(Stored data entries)
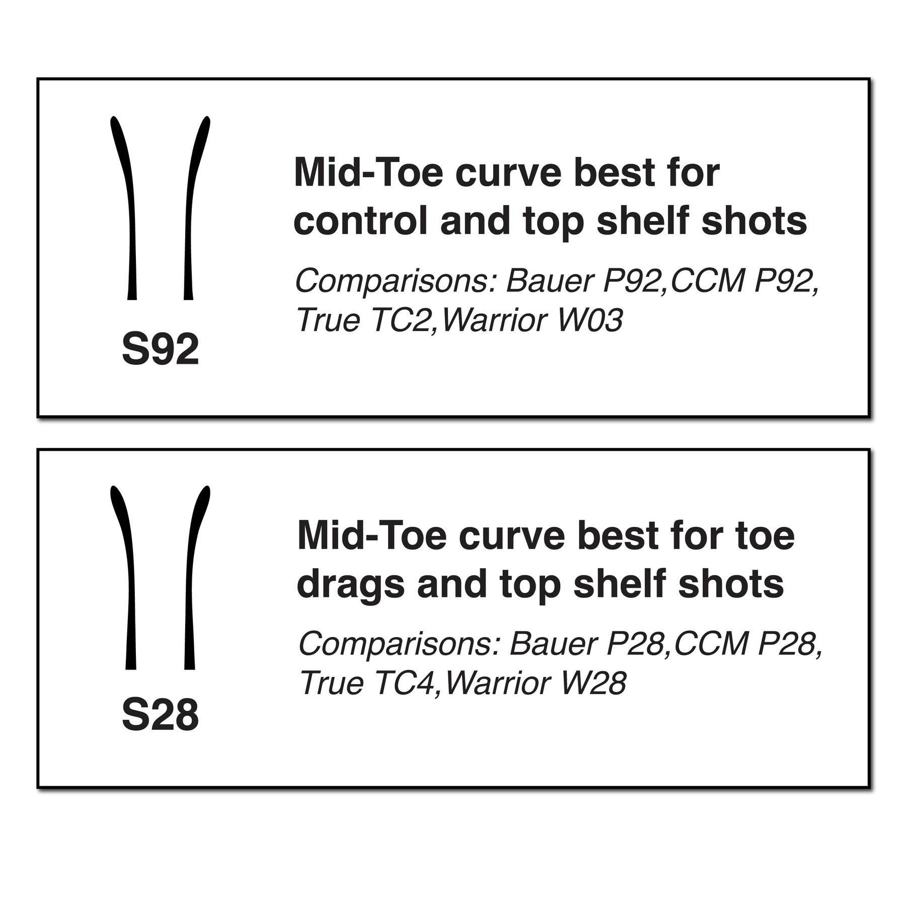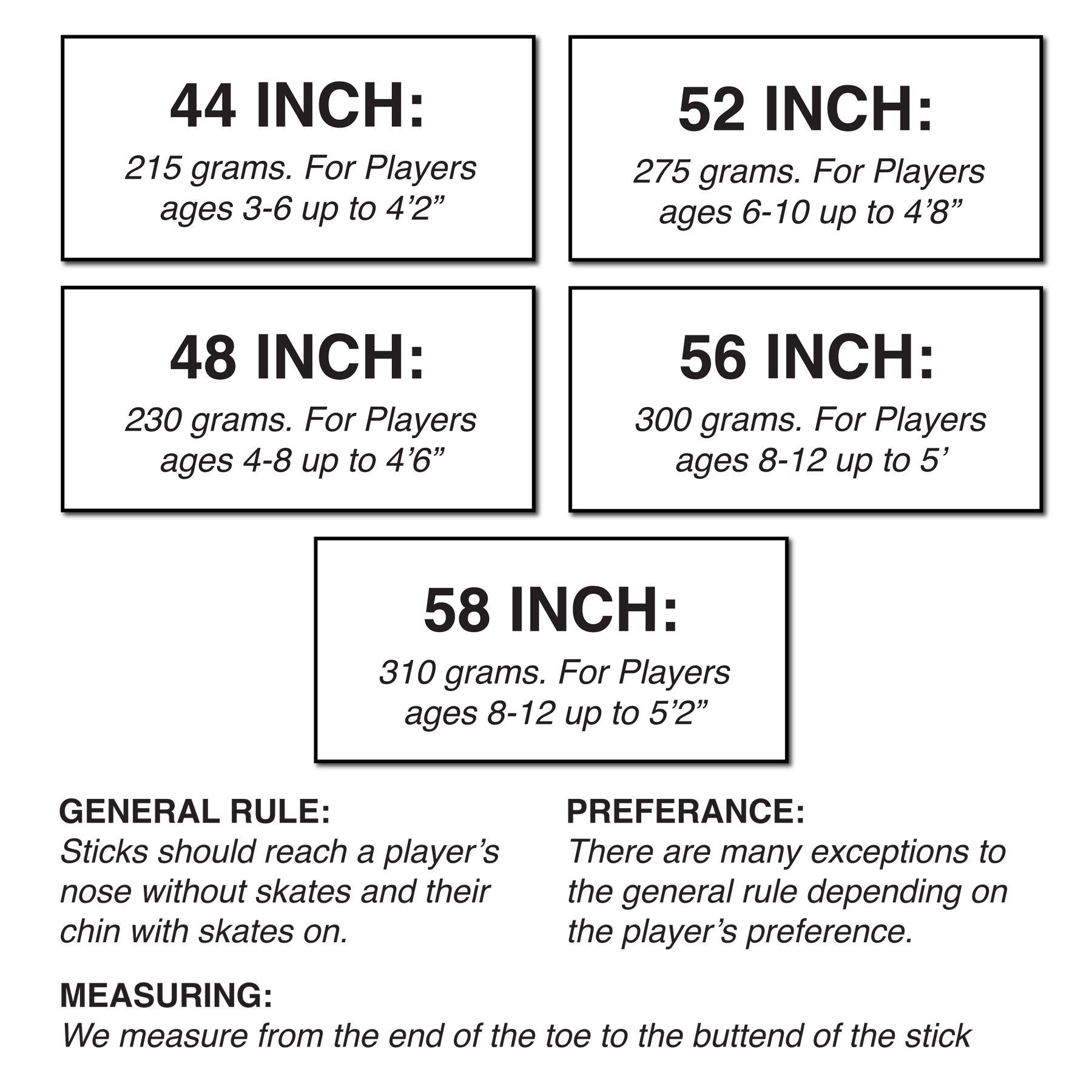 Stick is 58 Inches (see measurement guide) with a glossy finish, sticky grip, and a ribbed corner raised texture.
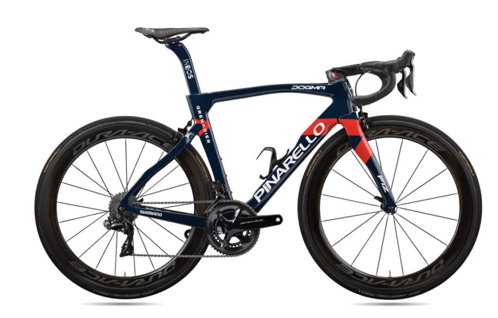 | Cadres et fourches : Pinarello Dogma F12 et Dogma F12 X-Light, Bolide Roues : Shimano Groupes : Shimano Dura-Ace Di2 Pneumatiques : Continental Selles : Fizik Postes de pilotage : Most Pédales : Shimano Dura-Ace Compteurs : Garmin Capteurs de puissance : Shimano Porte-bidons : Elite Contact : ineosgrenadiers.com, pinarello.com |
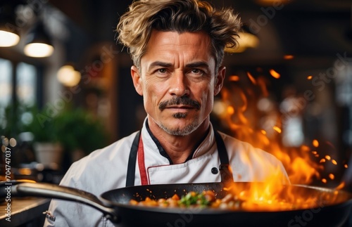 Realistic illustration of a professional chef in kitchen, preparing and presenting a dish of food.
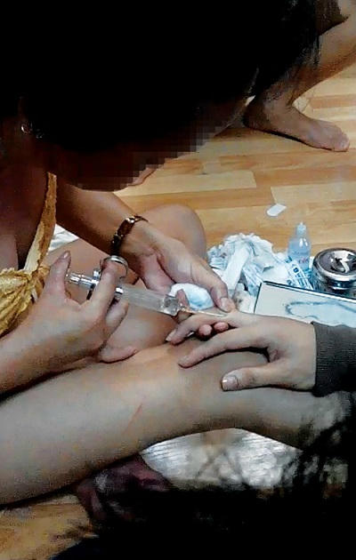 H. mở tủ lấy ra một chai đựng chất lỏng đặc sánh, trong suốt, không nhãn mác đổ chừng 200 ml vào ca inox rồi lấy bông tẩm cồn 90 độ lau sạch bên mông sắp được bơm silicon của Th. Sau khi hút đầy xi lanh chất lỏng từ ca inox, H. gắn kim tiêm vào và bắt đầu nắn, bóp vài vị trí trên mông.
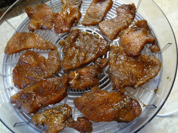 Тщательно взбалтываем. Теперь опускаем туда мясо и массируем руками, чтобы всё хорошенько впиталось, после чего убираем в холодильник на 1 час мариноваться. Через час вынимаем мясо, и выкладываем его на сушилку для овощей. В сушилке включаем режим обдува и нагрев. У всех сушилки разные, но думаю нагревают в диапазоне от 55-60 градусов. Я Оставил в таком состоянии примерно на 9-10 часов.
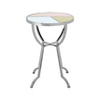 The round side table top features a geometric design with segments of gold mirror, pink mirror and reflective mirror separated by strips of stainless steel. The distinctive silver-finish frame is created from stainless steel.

◆ **The task**
The lines to copy exactly start with the line above that has "ineosgrenadiers.com, pinarello.com |" and go on through the line that has "Realistic illustration of"; please include both, add nothing else, and omit the pictures.

◆ **Answer for this exercise**
 | Cadres et fourches : Pinarello Dogma F12 et Dogma F12 X-Light, Bolide Roues : Shimano Groupes : Shimano Dura-Ace Di2 Pneumatiques : Continental Selles : Fizik Postes de pilotage : Most Pédales : Shimano Dura-Ace Compteurs : Garmin Capteurs de puissance : Shimano Porte-bidons : Elite Contact : ineosgrenadiers.com, pinarello.com |
 Realistic illustration of a professional chef in kitchen, preparing and presenting a dish of food.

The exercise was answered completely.